- SUPPLIED INFORMATION

=== Section Start ===

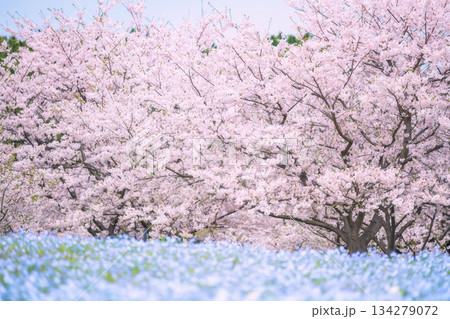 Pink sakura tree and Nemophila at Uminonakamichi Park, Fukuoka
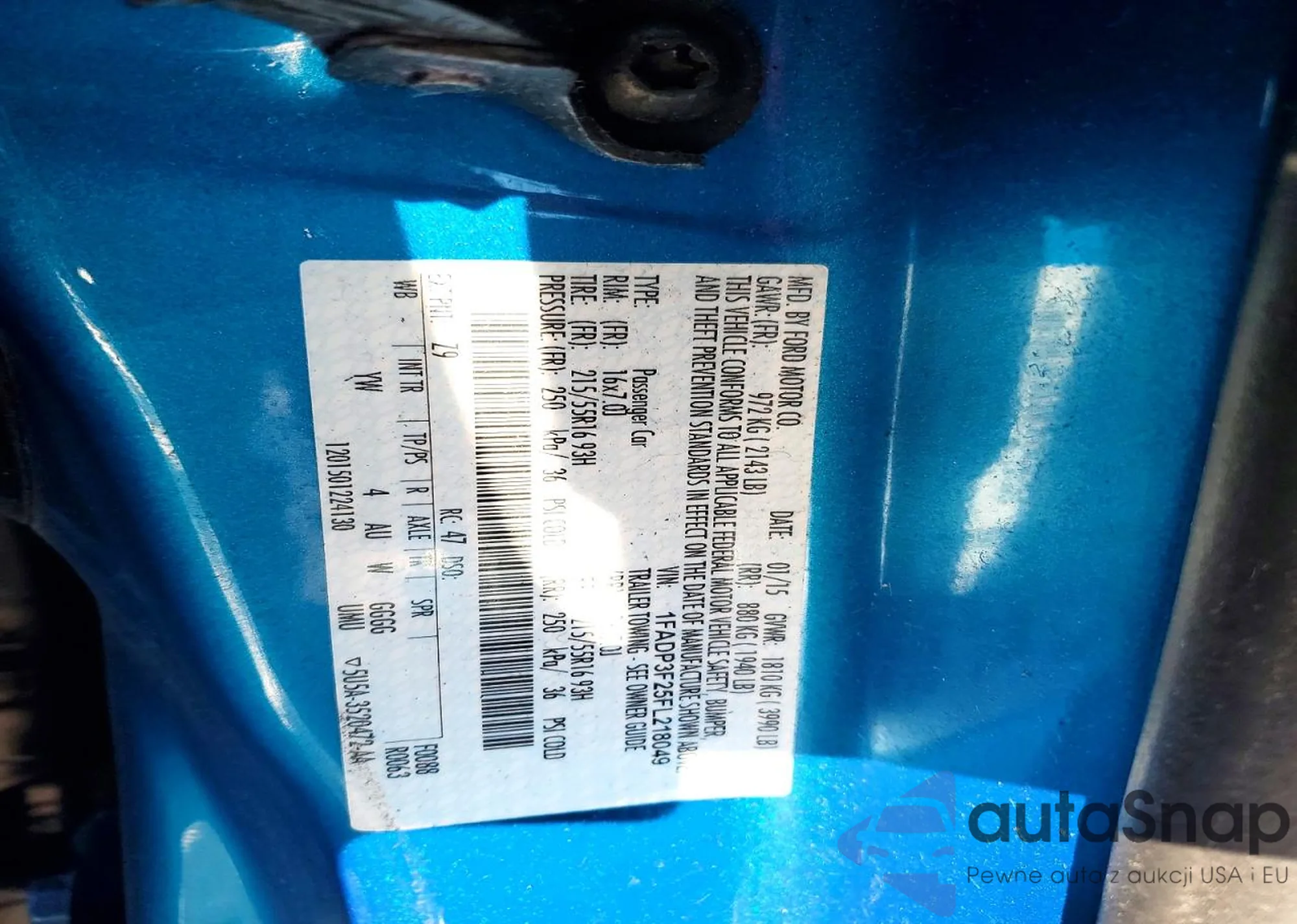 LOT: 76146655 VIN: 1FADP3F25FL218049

=== Section End ===
=== Section Start ===

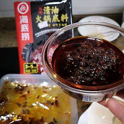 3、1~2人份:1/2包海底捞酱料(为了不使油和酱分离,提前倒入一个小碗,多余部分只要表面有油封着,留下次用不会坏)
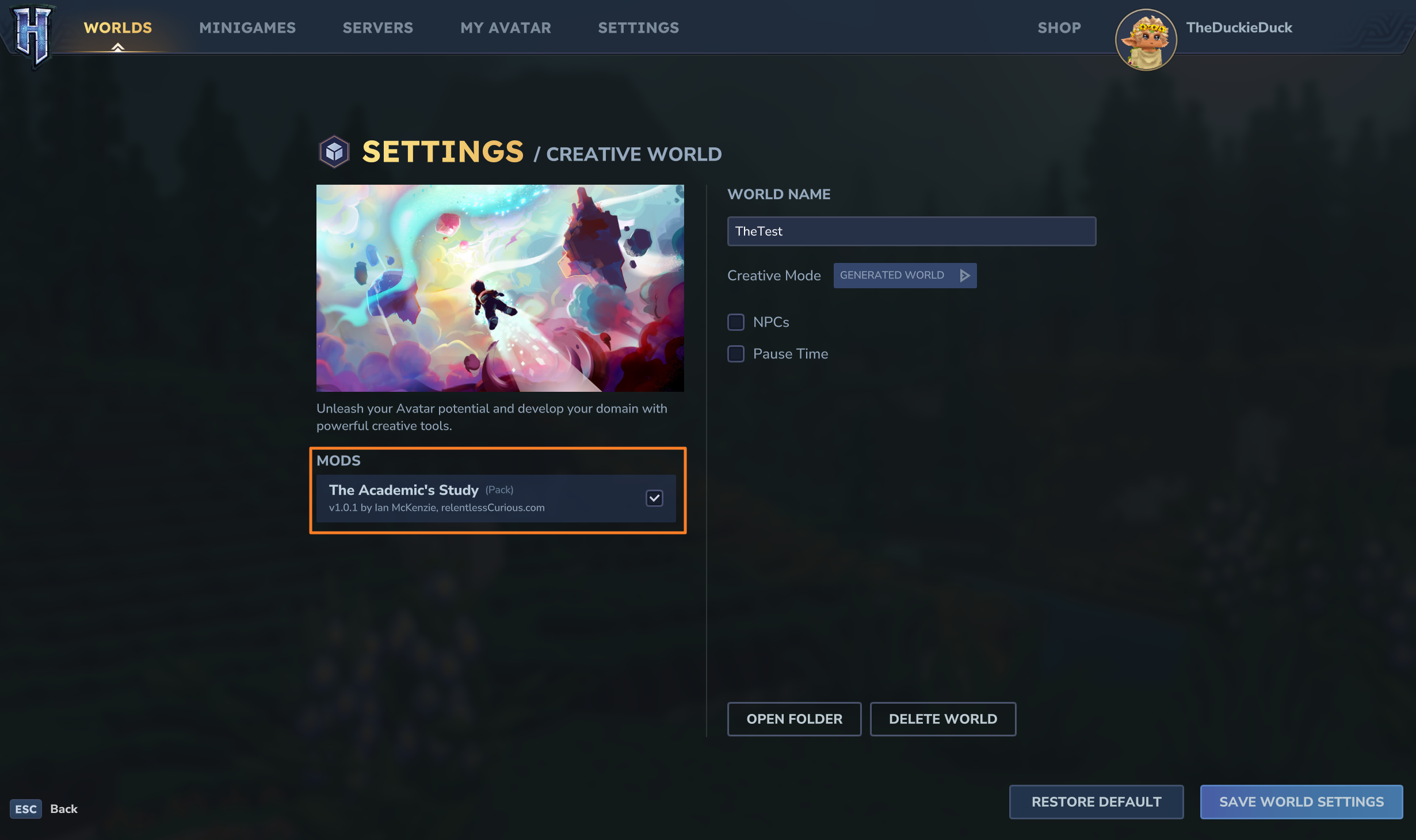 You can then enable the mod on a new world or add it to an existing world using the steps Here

=== Section End ===
=== Section Start ===

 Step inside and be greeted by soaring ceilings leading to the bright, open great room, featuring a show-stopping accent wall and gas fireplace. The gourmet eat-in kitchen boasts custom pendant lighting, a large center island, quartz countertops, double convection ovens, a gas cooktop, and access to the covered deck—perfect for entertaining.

=== Section End ===

- TASK STATEMENT
From the records above, extract the lines from the one holding "Pink sakura tree" through the one holding "LOT: 76146655 VIN: 1FADP3F25FL218049", word for word; omit the pictures.

- RESULT BELOW
 Pink sakura tree and Nemophila at Uminonakamichi Park, Fukuoka
 LOT: 76146655 VIN: 1FADP3F25FL218049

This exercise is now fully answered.